Wednesday, January 23, 2008


"Roquefort, or similar style cheese, is mentioned in literature as far back as AD 79, when Pliny the Elder remarked upon its rich flavor." -Kindersley, French Cheeses

Dave's brother visited us in Mont de Marsan for a few days. Saturday morning we went to the market and bought two types of cheese to share with him: Mont d'or and Roquefort. I've already discussed the former; we all enjoyed it. I have to mention we asked for a "light" Roquefort. It's easier for someone to taste when they've never tried real blue cheese before. His brother is a big fan of cheese, so I made sure he tried all the big ones: chevre sec, brebis, Camembert, Mont d'or, and Roquefort. I'm such a good hostess.

I stole this from Wikipedia because it makes this cheese's past interesting and helps illustrate how the Frenchman's mind works: "Legend has it that the cheese was discovered when a young shepherd, eating his lunch of bread and ewes' milk cheese, saw a beautiful girl in the distance. Abandoning his meal in a nearby cave, he ran to meet her. When he returned a few months later, the mold had transformed his plain cheese into roquefort." Roquefort is such an essential part of French food that they have fables about its creation and have the tools preserved in museums that Roquefort-makers used centuries ago.

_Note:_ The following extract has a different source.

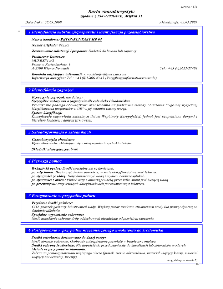 DR strona: 1/4 Karta charakterystyki zgodnie z 1907/2006/WE, Artykuł 31 Data druku: 30.09.2009 * Aktualizacja: 03.03.2009 1 Identyfikacja substancji/preparatu i identyfikacja przedsiębiorstwa · Nazwa handlowa: BETONKONTAKT HB 04 · Numer artykułu: 8422/3 · Zastosowanie substancji / preparatu Dodatek do betonu lub zaprawy · Producent/ Dostawca MUREXIN AG Franz v. Furtenbachstr. 1 A-2700 Wiener Neustadt Tel.: +43 (0)2622/27401 · Komórka udzielająca informacji: [email protected] · Informacja awaryjna: Tel.: +43 (0)1/406 43 43 (Vergiftungsinformationszentrale) 2 Identyfikacja zagrożeń · Oznaczenie zagrożeń: nie dotyczy · Szczególne wskazówki o zagrożeniu dla człowieka i środowiska: Produkt nie podlega obowiązkowi oznakowania na podstawie metody obliczania "Ogólnej wytycznej klasyfikowania preparatów w UE" w jej ostatnio ważnej wersji. · System klasyfikacji: Klasyfikacja odpowiada aktualnym listom Wspólnoty Europejskiej, jednak jest uzupełniona danymi z literatury fachowej i danymi firmowymi. 3 Skład/informacja o składnikach · Charakterystyka chemiczna · Opis: Mieszanka: składająca się z niżej wymienionych składników. · Składniki niebezpieczne: brak 4 Pierwsza pomoc · Wskazówki ogólne: Środki specjalne nie są konieczne. · po wdychaniu: Dostarczyć świeże powietrze, w razie dolegliwości wezwać lekarza. · po styczności ze skórą: Natychmiast zmyć wodą i mydłem i dobrze spłukać. · po styczności z okiem: Płukać oczy z otwartą powieką przez kilka minut pod bieżącą wodą. · po przełknięciu: Przy trwałych dolegliwościach porozumieć się z lekarzem. 5 Postępowanie w przypadku pożaru · Przydatne środki gaśnicze: CO2, proszek gaśniczy lub strumień wody. Większy pożar zwalczać strumieniem wody lub pianą odporną na działanie alkoholu. · Specjalne wyposażenie ochronne: Nosić urządzenie ochrony dróg oddechowych niezależnie od powietrza otoczenia. 6 Postępowanie w przypadku niezamierzonego uwolnienia do środowiska · Środki ostrożności dostosowane do danej osoby: Nosić ubranie ochronne. Osoby nie zabezpieczone przenieść w bezpieczne miejsce. · Środki ochrony środowiska: Nie dopuścić do przedostania się do kanalizacji lub zbiorników wodnych. · Metoda oczyszczania/ wchłaniania: Zebrać za pomocą materiału wiążącego ciecze (piasek, ziemia okrzemkowa, materiał wiążący kwasy, materiał wiążący uniwersalny, trociny). (ciąg dalszy na stronie 2) PL DR strona: 2/4 Karta charakterystyki zgodnie z 1907/2006/WE, Artykuł 31 Data druku: 30.09.2009 Aktualizacja: 03.03.2009 Nazwa handlowa: BETONKONTAKT HB 04 (ciąg dalszy od strony 1) · Wskazówki dodatkowe: Nie powstają żadne materiały niebezpieczne. 7 Postępowanie z substancją/preparatem i jej/jego magazynowanie · Sposób obchodzenia się: · Wskazówki dla bezpiecznego użytkowania: Środki specjalne nie są konieczne. · Wskazówki dla ochrony przeciwpożarowej i przeciwwybuchowej: Nie są potrzebne szczególne zabiegi. · Składowanie: · Wymagania w stosunku do pomieszczeń składowych i zbiorników: Przechowywać tylko w oryginalnych beczkach. · Wskazówki odnośnie wspólnego składowania: nie konieczne · Dalsze wskazówki odnośnie warunków składowania: Zbiornik trzymać szczelnie zamknięty. Chronić przed mrozem. * 8 Kontrola narażenia i środki ochrony indywidualnej · Dodatkowe wskazówki dla wykonania urządzeń technicznych: Brak dalszych danych, patrz punkt 7. · Składniki wraz z kontrolowanymi wartościami granicznymi zależnymi od miejsca pracy: Produkt nie zawiera znaczących ilości materiałów, których wartości graniczne musiałyby być kontrolowane pod kątem warunków miejsca pracy. · Wskazówki dodatkowe: Podstawą były aktualnie obowiązujące wykazy. · Osobiste wyposażenie ochronne: · Ogólne środki ochrony i higieny: Trzymać z dala od środków spożywczych napojów i pasz. Zabrudzoną, nasączoną odzież natychmiast zdjąć. Myć ręce przed przerwą i przed końcem pracy. · Ochrona dróg oddechowych: Nie konieczne przy dobrej wentylacji pomieszczenia. · Ochrona rąk: Rękawice ochronne. · Materiał, z którego wykonane są rękawice Wybór odpowiednich rękawic nie zależy tylko od materiału, lecz także od innych cech jakościowych i zmienia się od producenta do producenta. Ponieważ produkt jest preparatem składającym się z kilku substancji, to odporności materiałów, z których wykonano rękawice nie można wcześniej wyliczyć i dlatego też musi być ona sprawdzona przed zastosowaniem. · Czas penetracji dla materiału, z którego wykonane są rękawice Od producenta rękawic należy uzyskać informację na temat dokładnego czasu przebicia i go przestrzegać. · Ochrona oczu: Okulary ochronne zalecane podczas napełniania. · Ochrona ciała: Robocza odzież ochronna. 9 Właściwości fizyczne i chemiczne · Ogólne dane Forma: Kolor: Zapach: płynny różowy łagodny · Zmiana stanu Punkt topnienia/ Zakres topnienia: nie jest określony 100°C Punkt wrzenia/ Zakres wrzenia: · Punkt zapłonu: n.a. °C · Temperatura palenia się: n.a. °C (ciąg dalszy na stronie 3) PL DR strona: 3/4 Karta charakterystyki zgodnie z 1907/2006/WE, Artykuł 31 Data druku: 30.09.2009 Aktualizacja: 03.03.2009 Nazwa handlowa: BETONKONTAKT HB 04 (ciąg dalszy od strony 2) · Samozapłon: Produkt nie jest samozapalny. · Niebezpieczeństwo wybuchu: Produkt nie jest grozi wybuchem. · Granice niebezpieczeństwa wybuchu: n.a. Vol % dolna: n.a. Vol % górna: · Gęstość w 20°C: 1,4 g/cm3 · Rozpuszczalność w/ mieszalność z Woda: rozpuszczalny · Wartość pH w 20°C: 6,0-7,0 · Lepkość: dynamiczna w 20°C: 20-25 mPas 10 Stabilność i reaktywność · Reakcje niebezpieczne Reakcje niebezpieczne nie są znane. · Niebezpieczne produkty rozkładu: - 11 Informacje toksykologiczne · Ostra toksyczność: · Pierwotne działanie drażniące: Działanie Gatunek Metoda · na skórze: Brak działania drażniąc

I used to hate blue cheese, including Roquefort, up through the time I lived in Lyon with a French family. After numerous nights of heckling and pressuring by many French peoples, the cheese began to grow on me like the blue mold that gives it that special tang. Even when I returned to the U.S., I was still not a fan of Roquefort and other blue cheeses. But, like with beer and wine, I've grown more accustomed to the spiciness of Roquefort. And when I am in the mood for a taste that it can only offer, I am very happy to be in France within close reach of true, delicious, and inexpensive Roquefort.

This slice of cheese is perfect! It has the usual kick, but not so much that you feel you're eating metal; it doesn't overpower the creaminess. They must not have aged this cheese for long (6 weeks or so). I'm sure there are certain "correct" ways to eat Roquefort, but I ate some with almonds tonight. They complemented the cheese well. A little bit on a piece of fresh baguette, then chased with a couple almonds. Delish! When slightly salty, creamy brebis isn't enough to satisfy your lust for tasty cheese, I suggest a wedge of tangy Roquefort.